We find no element of compulsion in the dacion en pago provision of the Rehabilitation Plan. It was not the only solution presented by the ASB to pay its creditors. In fact, it was stated in the Rehabilitation Plan that:
x x x If the dacion en pago herein contemplated does not materialize for failure of the secured creditors to agree thereto, the rehabilitation plan contemplates to settle the obligations (without interest, penalties and other related charges accruing after the date of the initial suspension order) to secured creditors with mortgaged properties at ASB selling prices for the general interest of the employees, creditors, unit buyers, government, general public, and the economy.

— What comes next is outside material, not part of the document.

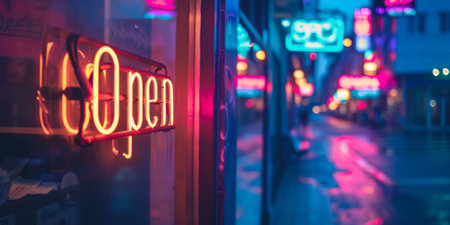 Vivid neon lights create an energetic urban atmosphere at night

Thus, if BPI does not find the dacion en pago modality acceptable, the ASB Group can propose to settle its debts at such amount as is equivalent to the selling price of the mortgaged properties. If BPI still refuses this option, it can assert its rights in the liquidation and distribution of the ASB Group’s assets. It will not lose its status as a secured creditor, retaining its preference over unsecured creditors when the assets of the corporation are finally liquidated.9
We are inclined to rule in a similar fashion here.
In intruding into corporate affairs, the State must, at all times, promote a wider and more meaningful equitable distribution of wealth and protect investments and the public. To Our mind, the approval by the SEC of the rehabilitation plan of respondent corporations is a step towards that direction.

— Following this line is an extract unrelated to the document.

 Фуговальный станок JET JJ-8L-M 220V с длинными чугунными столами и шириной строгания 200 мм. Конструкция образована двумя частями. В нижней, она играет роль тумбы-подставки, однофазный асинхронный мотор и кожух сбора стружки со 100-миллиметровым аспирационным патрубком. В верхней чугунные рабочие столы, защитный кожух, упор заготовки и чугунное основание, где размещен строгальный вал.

The terms of the rehabilitation plan unveil that secured creditors like petitioner bank may refuse or reject the dacion en pago arrangements stated in it. It cannot be implemented without petitioner’s consent.
Further, the approval of the plan and the appointment of a receiver merely suspend actions and claims that may be raised against respondent bank. They do not, in any manner, obliterate petitioner’s status as a preferred secured creditor.
Questions on the viability of the plan should likewise be laid to rest. As the CA aptly observed, majority of respondents’ obligations to creditor banks had already been paid as early as two years upon the approval of the plan.
WHEREFORE, the petition is DENIED and the appealed Court of Appeals Decision AFFIRMED.
SO ORDERED.
RUBEN T. REYES
Associate Justice
WE CONCUR:
CONSUELO YNARES-SANTIAGO Associate Justice Chairperson |
MA. ALICIA AUSTRIA-MARTINEZ Associate Justice |
MINITA V. CHICO-NAZARIO Associate Justice |
ANTONIO EDUARDO B. NACHURA Associate Justice |
A T T E S T A T I O N
I attest that the conclusions in the above Decision had been reached in consultation before the case was assigned to the writer of the opinion of the Court’s Division.
CONSUELO YNARES-SANTIAGO
Associate Justice
Chairperson
C E R T I F I C A T I O N
Pursuant to Section 13, Article VIII of the Constitution and the Division Chairperson’s Attestation, I certify that the conclusions in the above Decision had been reached in consultation before the case was assigned to the writer of the opinion of the Court’s Division.
REYNATO S. PUNO
Chief Justice
Footnotes
1 Rollo, pp. 61-68. Penned by Associate Justice Edgardo P. Cruz, with Associate Justices Mario Guariña and Sesinando Villon, concurring.
2 Id. at 116-118.
3 Id. at 63.
4 Id. at 66-67.
5 G.R. No. 166197, February 27, 2007, 517 SCRA 1.
6 Metropolitan Bank & Trust Company v. ASB Holdings, Inc., id. at 10-11.
7 Id.
8 G.R. No. 164641, December 20, 2007.
9 Bank of the Philippine Islands v. Securities and Exchange Commission, id.